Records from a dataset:
───

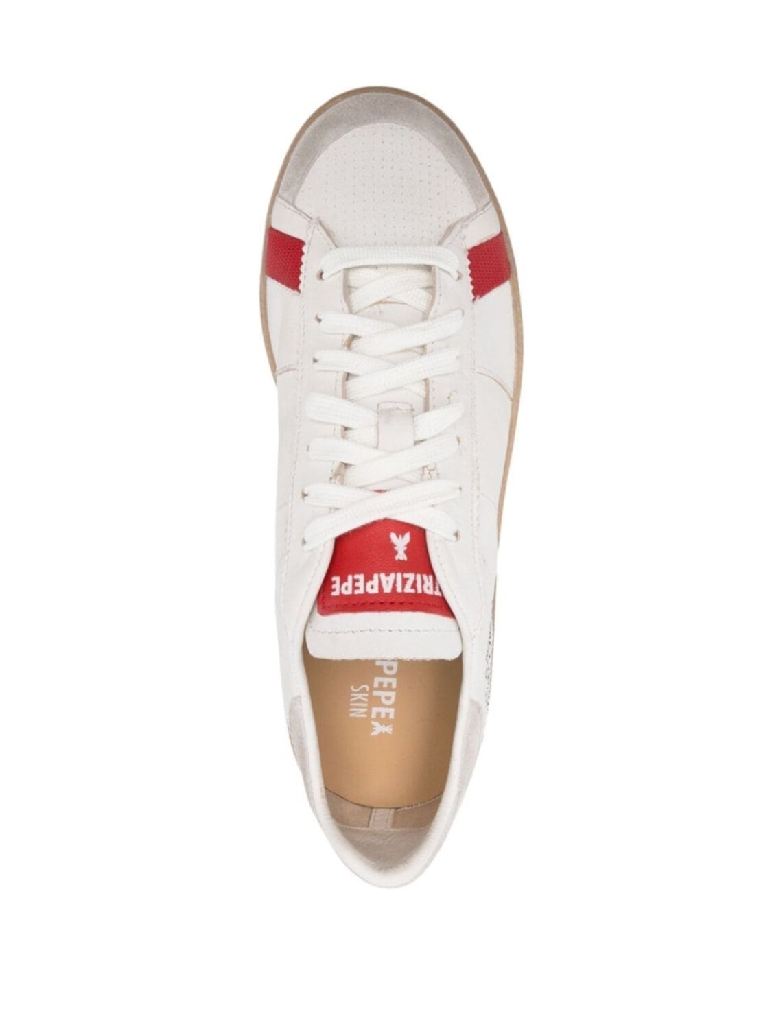 Подробнее о товаре: • белый • телячья кожа • гладкая текстура кожи • дизайн со вставками • шнуровка спереди • замшевые вставки • контрастный задник с логотипом • перфорация сбоку • нашивка с логотипом на язычке • контрастная отделка лентой • перфорированный носок • закругленный носок • кожаная стелька с логотипом • логотип на подошве • резиновая подошва • В комплект входит мешок-пыльник для хранения.
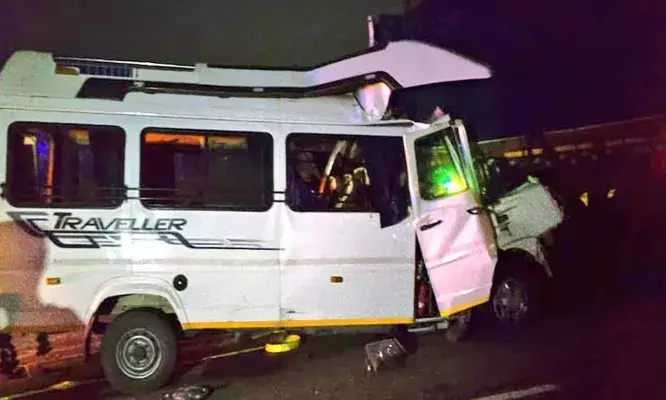 നിർത്തിയിട്ടിരുന്ന ട്രക്കിൽ ട്രാവലർ ഇടിച്ചു കയറി, 15 മരണം
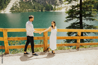 Follow me on beautiful landscape of Braies Lake (Lago di Braies), romantic place in the Alps Mountains, Dolomites, Italy, Europe. Beautiful couple on a wonderful lake and mountains amazing view.
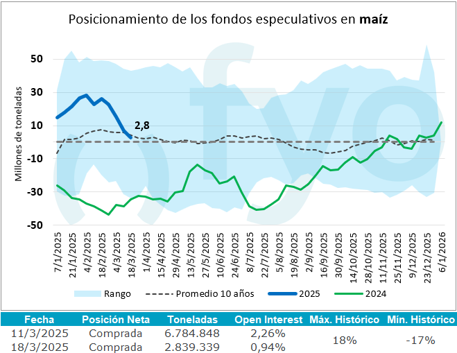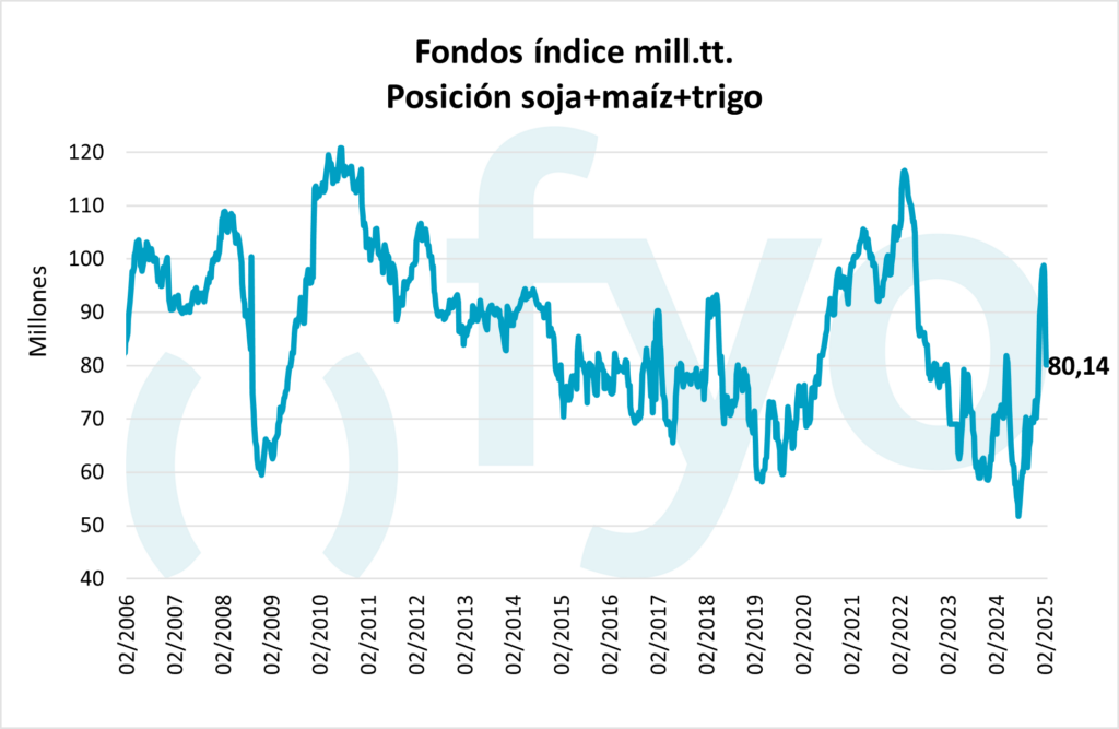 En el caso de la soja, tuvimos poca variación neta entre semanas. En cuanto al maíz, el comportamiento sigue mostrando ventas netas por cuarta semana consecutiva (acumulando 24 Mt); de todas formas, la posición neta continúa siendo compradora, por el equivalente a 2,8 millones de toneladas. Para el trigo, tampoco hubo variación significativa.
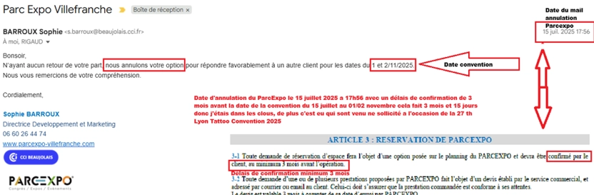 Je souligne également que le projet d’organisation au Parc-expo est né de votre propre sollicitation, lors de la 27th Lyon Tattoo Convention au Double Mixte, où vos représentants m’ont expressément proposé d’accueillir mes événements don la 28th édition de la Lyon Tattoo 2026 dans vos locaux.
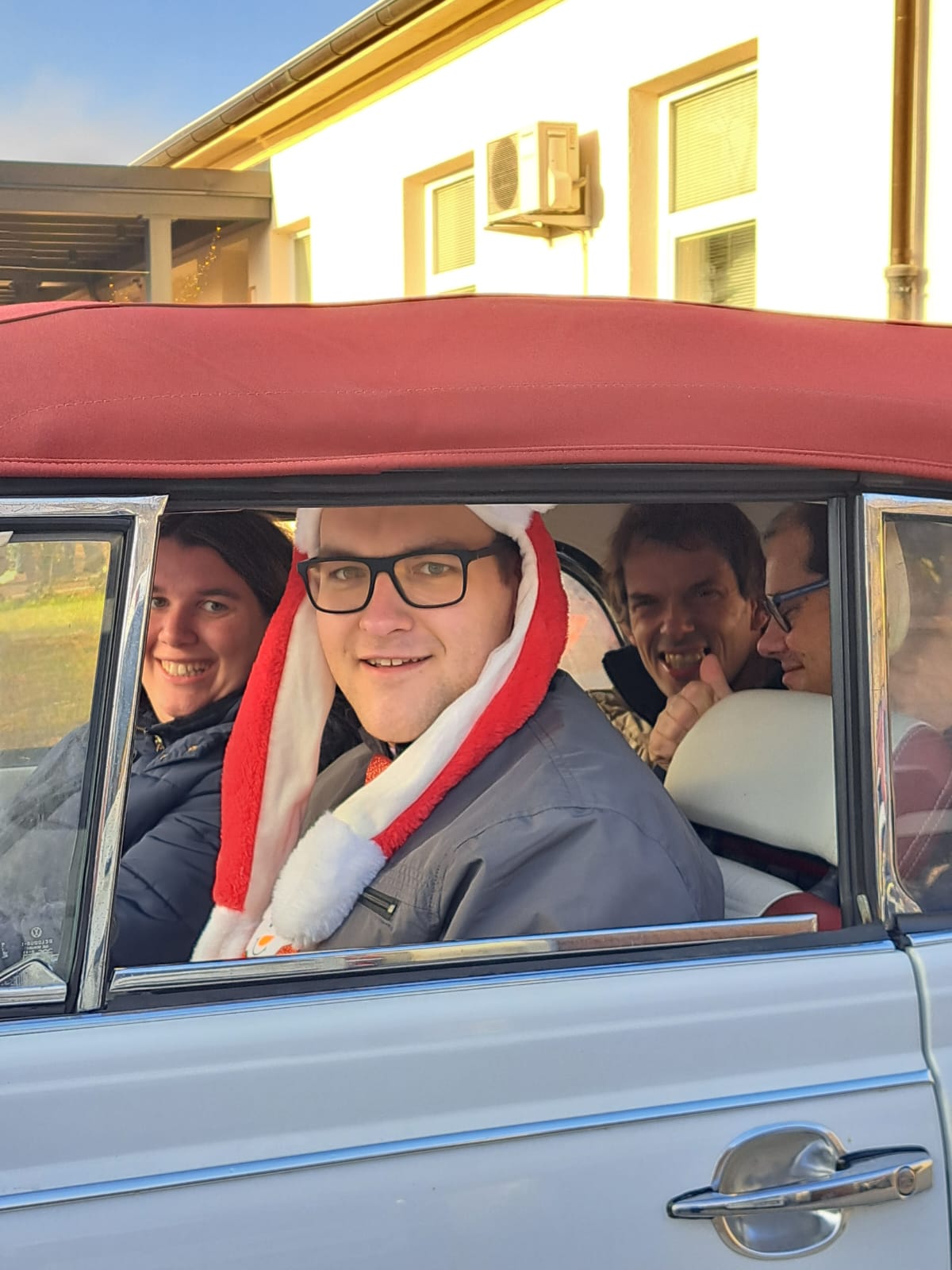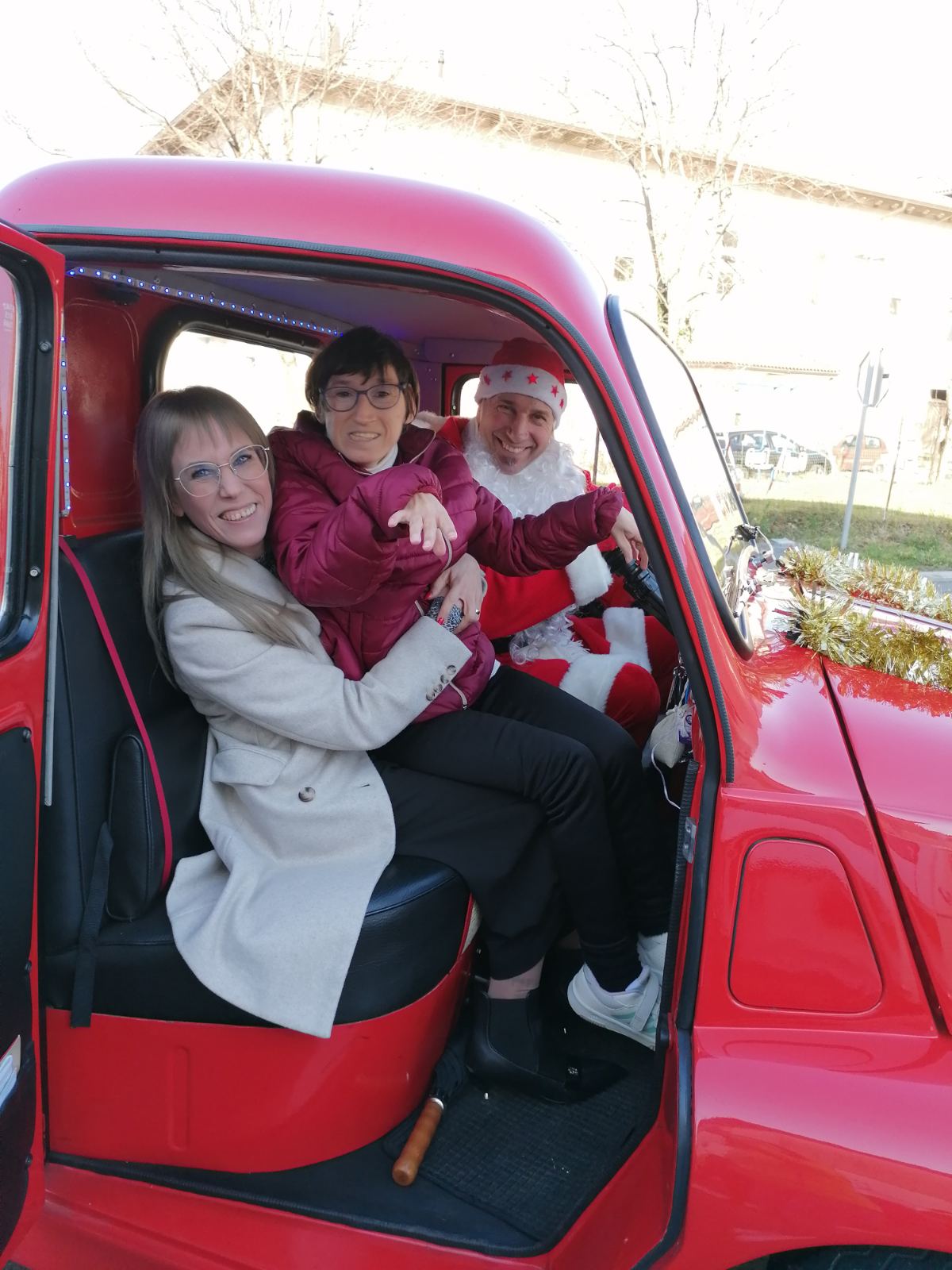 Božički so prišli polni dobre volje, nasmehov in prazničnega duha, s seboj pa so prinesli tudi sladka darila. Najbolj razburljiv del obiska pa je bil seveda krog z njihovimi praznično okrašenimi starodobniki. Nekateri naši uporabniki so se lahko popeljali v čudovitih, skrbno ohranjenih vozilih.
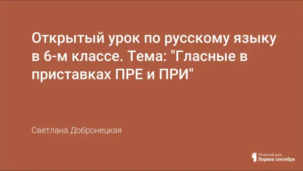 Урок знакомит с правописанием гласных в приставках ПРЕ и ПРИ с опорой на значение этих приставок и с письменным объяснением орфограммы. Используются таблички, карточки, карточки-схемы, опорные карты, рисунки, иллюстрирующие правило, материал из книги Г.Г. Граника и др. «Секреты орфографии».
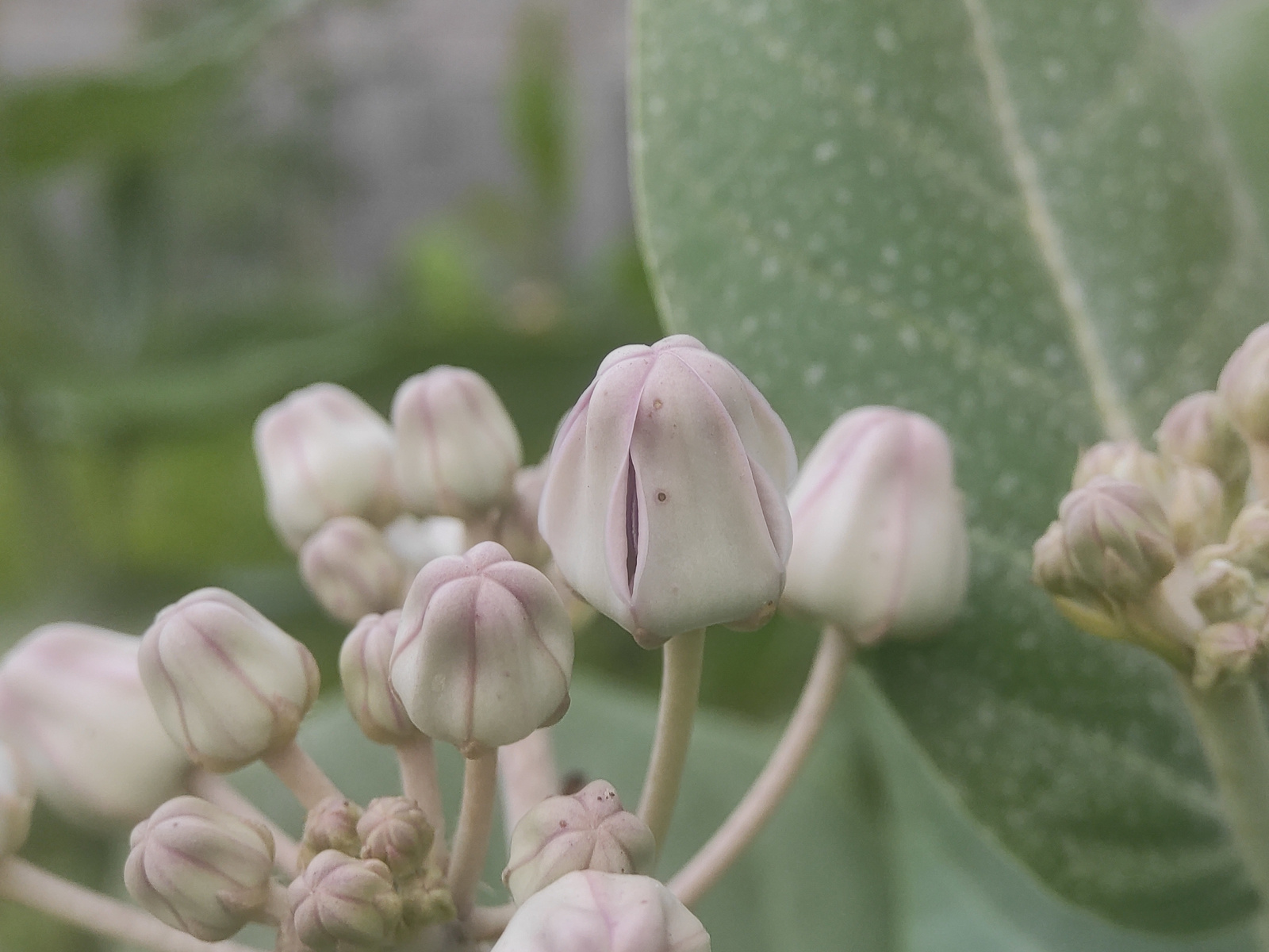 The image shows a close-up of several unopened white and light purple flower buds. One of the buds has a small slit revealing a darker interior. The background includes a large, out-of-focus green lea…read more
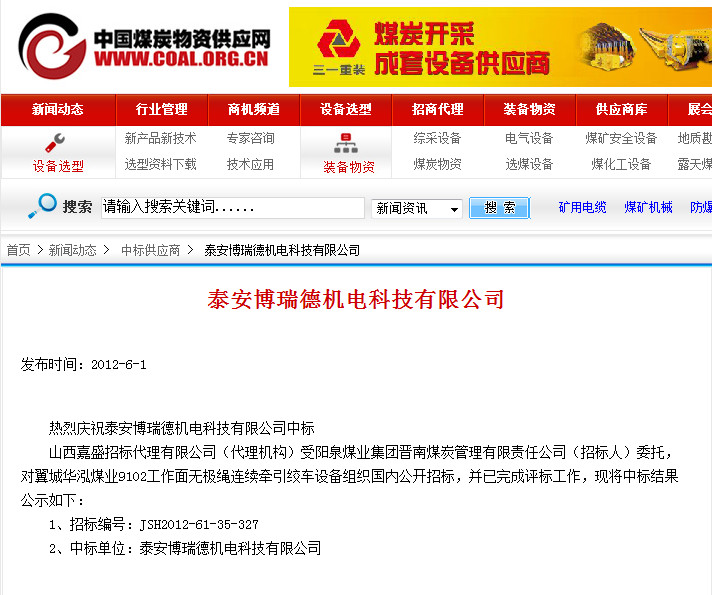 2、中標(biāo)單位:泰安博瑞德機(jī)電科技有限公司
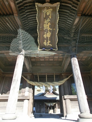 阿蘇神社は珍しい横参道の神社で、参道はお土産やさんはもちろん、湧水が至る所から湧いていて、水基めぐりも楽しめます。水基めぐりをしながら、カフェで休憩したりしながら散策を楽しめます。水基は参道にも沢山ありますが、少し離れた場所にもありますので、歩いて全部回ると結構な時間がかかります。お目当てを決めていくつか巡るのが良さそうです。
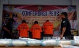 Polisi saat menunjukkan barang bukti dan tersangka kasus penyelundupan narkotika transnasional dari Taiwan di Polda Metro Jaya, Jakarta, Kamis (2/11). (FOTO : Republika/Putra M. Akbar)
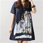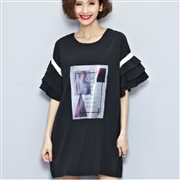 荷葉袖印花圓領短袖 [連身裙]
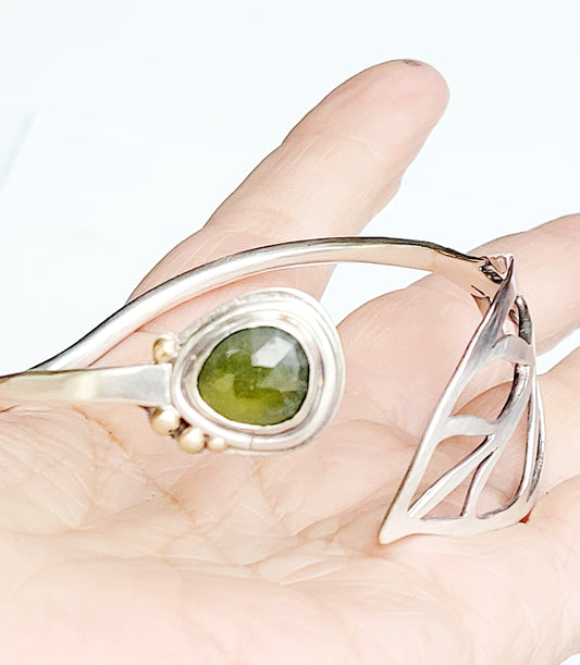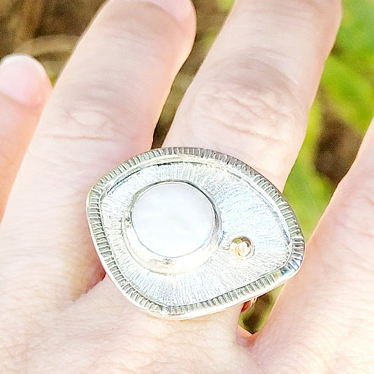 Handmade Sterling Silver Ring with Pearl and 14K Gold detailing.
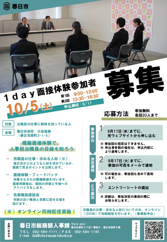 春日市では、実際の面接試験を想定した模擬面接を体験してもらうことで、面接官となる人事担当職員がどこを見ているのかを知ることができる1day面接体験セミナーを実施します。
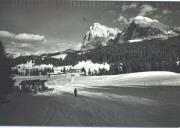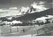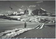 Abstract: Skipisten beim Almgasthof Sonne, gegen die veschneite Seiser Alm und die Langkofelgruppe.
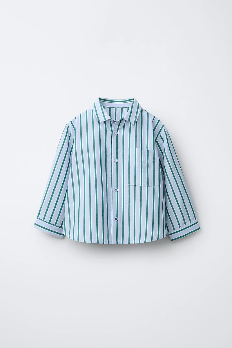 Shirt with shirt collar and long sleeves. Front button closure. Patch pocket at chest. Striped print.
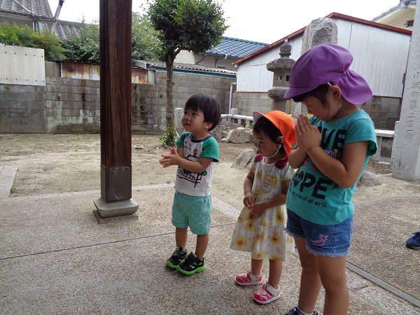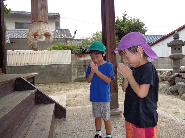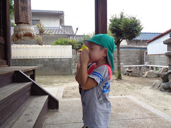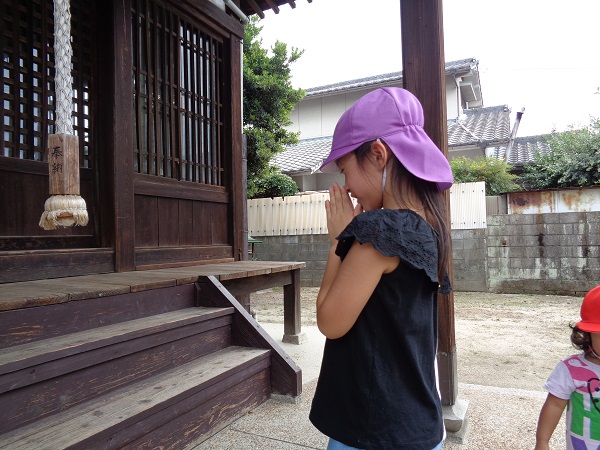 帰りに近くの神社によってお参りをして安全祈願をした子どもたちです。

───

Reproduce every record in full. Leave out the images.

> Written response:
 Подробнее о товаре: • белый • телячья кожа • гладкая текстура кожи • дизайн со вставками • шнуровка спереди • замшевые вставки • контрастный задник с логотипом • перфорация сбоку • нашивка с логотипом на язычке • контрастная отделка лентой • перфорированный носок • закругленный носок • кожаная стелька с логотипом • логотип на подошве • резиновая подошва • В комплект входит мешок-пыльник для хранения.
 നിർത്തിയിട്ടിരുന്ന ട്രക്കിൽ ട്രാവലർ ഇടിച്ചു കയറി, 15 മരണം
 Follow me on beautiful landscape of Braies Lake (Lago di Braies), romantic place in the Alps Mountains, Dolomites, Italy, Europe. Beautiful couple on a wonderful lake and mountains amazing view.
 En el caso de la soja, tuvimos poca variación neta entre semanas. En cuanto al maíz, el comportamiento sigue mostrando ventas netas por cuarta semana consecutiva (acumulando 24 Mt); de todas formas, la posición neta continúa siendo compradora, por el equivalente a 2,8 millones de toneladas. Para el trigo, tampoco hubo variación significativa.
 Je souligne également que le projet d’organisation au Parc-expo est né de votre propre sollicitation, lors de la 27th Lyon Tattoo Convention au Double Mixte, où vos représentants m’ont expressément proposé d’accueillir mes événements don la 28th édition de la Lyon Tattoo 2026 dans vos locaux.
 Božički so prišli polni dobre volje, nasmehov in prazničnega duha, s seboj pa so prinesli tudi sladka darila. Najbolj razburljiv del obiska pa je bil seveda krog z njihovimi praznično okrašenimi starodobniki. Nekateri naši uporabniki so se lahko popeljali v čudovitih, skrbno ohranjenih vozilih.
 Урок знакомит с правописанием гласных в приставках ПРЕ и ПРИ с опорой на значение этих приставок и с письменным объяснением орфограммы. Используются таблички, карточки, карточки-схемы, опорные карты, рисунки, иллюстрирующие правило, материал из книги Г.Г. Граника и др. «Секреты орфографии».
 The image shows a close-up of several unopened white and light purple flower buds. One of the buds has a small slit revealing a darker interior. The background includes a large, out-of-focus green lea…read more
 2、中標(biāo)單位:泰安博瑞德機(jī)電科技有限公司
 阿蘇神社は珍しい横参道の神社で、参道はお土産やさんはもちろん、湧水が至る所から湧いていて、水基めぐりも楽しめます。水基めぐりをしながら、カフェで休憩したりしながら散策を楽しめます。水基は参道にも沢山ありますが、少し離れた場所にもありますので、歩いて全部回ると結構な時間がかかります。お目当てを決めていくつか巡るのが良さそうです。
 Polisi saat menunjukkan barang bukti dan tersangka kasus penyelundupan narkotika transnasional dari Taiwan di Polda Metro Jaya, Jakarta, Kamis (2/11). (FOTO : Republika/Putra M. Akbar)
 荷葉袖印花圓領短袖 [連身裙]
 Handmade Sterling Silver Ring with Pearl and 14K Gold detailing.
 春日市では、実際の面接試験を想定した模擬面接を体験してもらうことで、面接官となる人事担当職員がどこを見ているのかを知ることができる1day面接体験セミナーを実施します。
 Abstract: Skipisten beim Almgasthof Sonne, gegen die veschneite Seiser Alm und die Langkofelgruppe.
 Shirt with shirt collar and long sleeves. Front button closure. Patch pocket at chest. Striped print.
 帰りに近くの神社によってお参りをして安全祈願をした子どもたちです。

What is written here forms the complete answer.